Titration Curve Formula
Graph of pH vs volume of titrant added - shows equivalence point and buffer regions
Key Points on Titration Curve
Equivalence Point
Point where moles of acid = moles of base (stoichiometric completion)
Strong Acid + Strong Base
pH = 7.00 (neutral)
Weak Acid + Strong Base
pH > 7 (conjugate base formed)
Strong Acid + Weak Base
pH < 7 (conjugate acid formed)
Weak Acid + Weak Base
pH depends on Ka and Kb
Half-Equivalence Point (Weak Acid/Base)
pH = pKa
At V = ½Veq: [HA] = [A⁻], maximum buffer capacity
pH Calculation Formulas
Before Equivalence Point (Weak Acid + Strong Base)
pH = pKa + log([A⁻]/[HA])
[A⁻] = moles base added / total volume
[HA] = (initial moles acid - moles base) / total volume
At Equivalence Point (Weak Acid + Strong Base)
pH = 7 + ½(pKa + pKw)
or pH = ½(pKw + pKa + log C)
C = concentration of conjugate base
After Equivalence Point
pH determined by excess base
[OH⁻] = (moles base - moles acid) / total volume
pOH = -log[OH⁻]
pH = 14 - pOH
Curve Characteristics
Strong Acid + Strong Base
- • Low initial pH (<2)
- • Sharp vertical rise at equivalence
- • Equivalence point pH = 7.00
- • Large pH jump (~6 units)
- • No buffer region
Weak Acid + Strong Base
- • Higher initial pH (2-6)
- • Buffer region before equivalence
- • Equivalence point pH > 7
- • Smaller pH jump (~3-4 units)
- • pH = pKa at half-equivalence
Polyprotic Acids
- • Multiple equivalence points
- • One per ionizable H⁺
- • Multiple buffer regions
- • pH = pKa at each half-equivalence
- • Example: H₂SO₄ has 2 steps
Indicators
- • Choose indicator with pKa ≈ pHeq
- • Color change at pH ≈ pKIn
- • Strong-strong: phenolphthalein (pH 8-10)

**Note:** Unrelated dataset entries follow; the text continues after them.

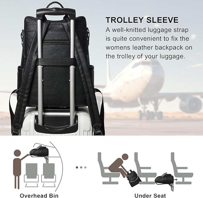 - 【Practical Design】Luggage strap of the laptop backpack for women is convenient for you to fix the womens backpack on the trolley of your suitcase when traveling.The travel backpack for women designed with multi functional pocket for 3-5 days travel necessities.laptop backpack women has main pocket,front zipper pocket,interior pocket,side pockets,laptop compartment,anti-theft pocket making your items organized
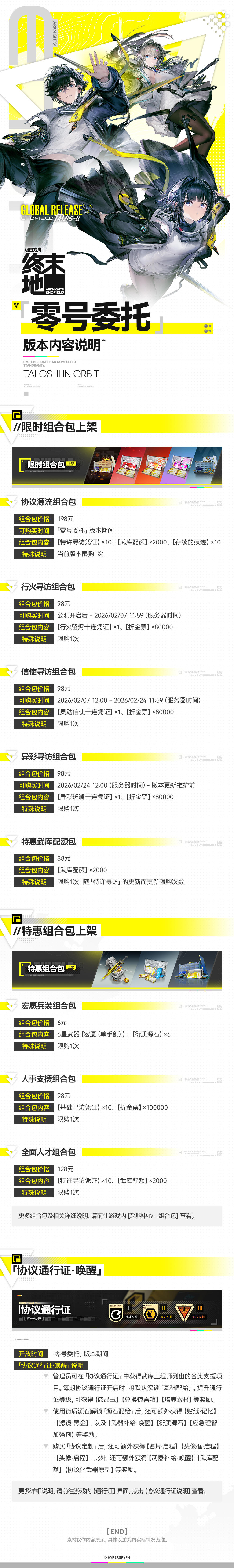 《明日方舟:终末地》全球公测将于1月22日正式开启!以下为「零号委托」版本内容说明,请管理员查阅。跨越边境,直至前线。塔卫二的一切,等待您的探索。————————————《明日方舟:终末地》全球公测将于1月22日正式开启!▼//前往官网预约:https://endfield.hypergryph.com/《明日方舟:终末地》全平台预约进行中。全球3500万预约里程碑奖励及全球官方社媒关
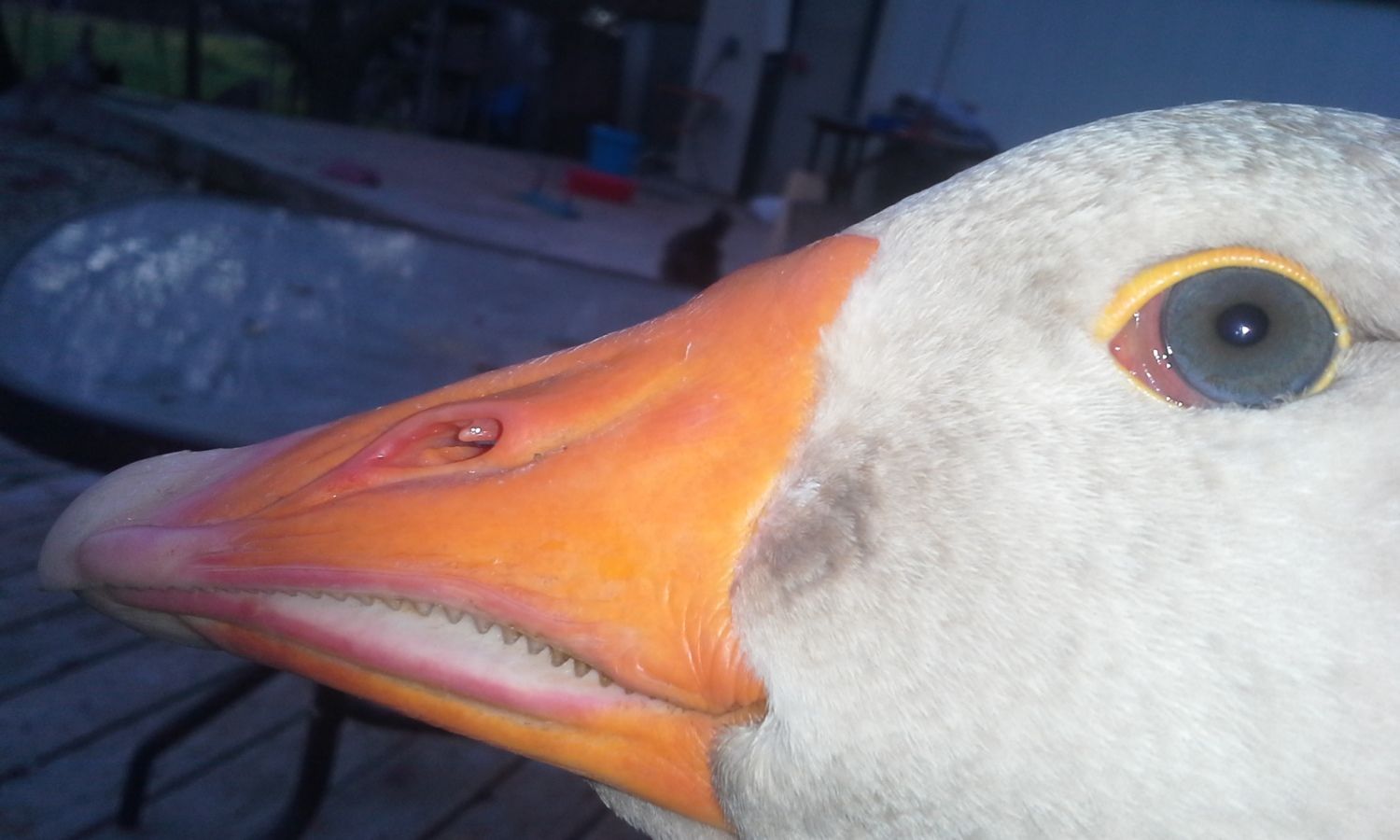 About a week and a half ago, I was holding my Amer. Buff gander, Gus, on my lap when I happened to notice this patch of what looked to be 'wet'

- • Weak-strong: varies by equivalence pH
- • Endpoint ≈ equivalence point
Worked Examples
Example 1: Find Equivalence Point Volume
Problem: 25.0 mL of 0.100 M HCl titrated with 0.100 M NaOH
Solution:
At equivalence: n(HCl) = n(NaOH)
M₁V₁ = M₂V₂
(0.100)(25.0) = (0.100)(V₂)
V₂ = 25.0 mL
Equivalence at 25.0 mL, pH = 7.00
Example 2: pH at Half-Equivalence
Problem: 50.0 mL of 0.10 M acetic acid (Ka = 1.8×10⁻⁵) titrated with 0.10 M NaOH. Find pH at 25.0 mL added.
Solution:
Equivalence volume = 50.0 mL
At 25.0 mL: half-equivalence point
pH = pKa = -log(1.8×10⁻⁵)
pH = 4.74
This is maximum buffer capacity
Example 3: pH Before Equivalence
Problem: Same titration as Example 2. Find pH after 40.0 mL NaOH added.
Solution:
Initial moles CH₃COOH = 0.10 × 0.050 = 0.0050 mol
Moles NaOH added = 0.10 × 0.040 = 0.0040 mol
Moles CH₃COOH remaining = 0.0050 - 0.0040 = 0.0010 mol
Moles CH₃COO⁻ formed = 0.0040 mol
Total volume = 50.0 + 40.0 = 90.0 mL
pH = pKa + log([A⁻]/[HA])
pH = 4.74 + log(0.0040/0.0010)
pH = 4.74 + log(4.0)
pH = 4.74 + 0.60
pH = 5.34
Example 4: pH After Equivalence
Problem: Same titration. Find pH at 60.0 mL NaOH added.
Solution:
Past equivalence (50.0 mL) by 10.0 mL
Excess NaOH = 0.10 × 0.010 = 0.0010 mol
Total volume = 50.0 + 60.0 = 110.0 mL
[OH⁻] = 0.0010 / 0.110 = 9.1×10⁻³ M
pOH = -log(9.1×10⁻³) = 2.04
pH = 14 - 2.04
pH = 11.96
Common Mistakes
Confusing Endpoint with Equivalence Point
Endpoint = indicator color change. Equivalence = stoichiometric completion. Should be close but not identical.
Assuming Weak Acid Equivalence pH = 7
Weak acid + strong base: pH > 7 at equivalence (conjugate base is basic!)
Forgetting Total Volume
Total volume = initial volume + titrant added. Use this for concentration calculations.
Buffer Region Shortcut
In buffer region, pH changes slowly. At half-equivalence, pH = pKa exactly.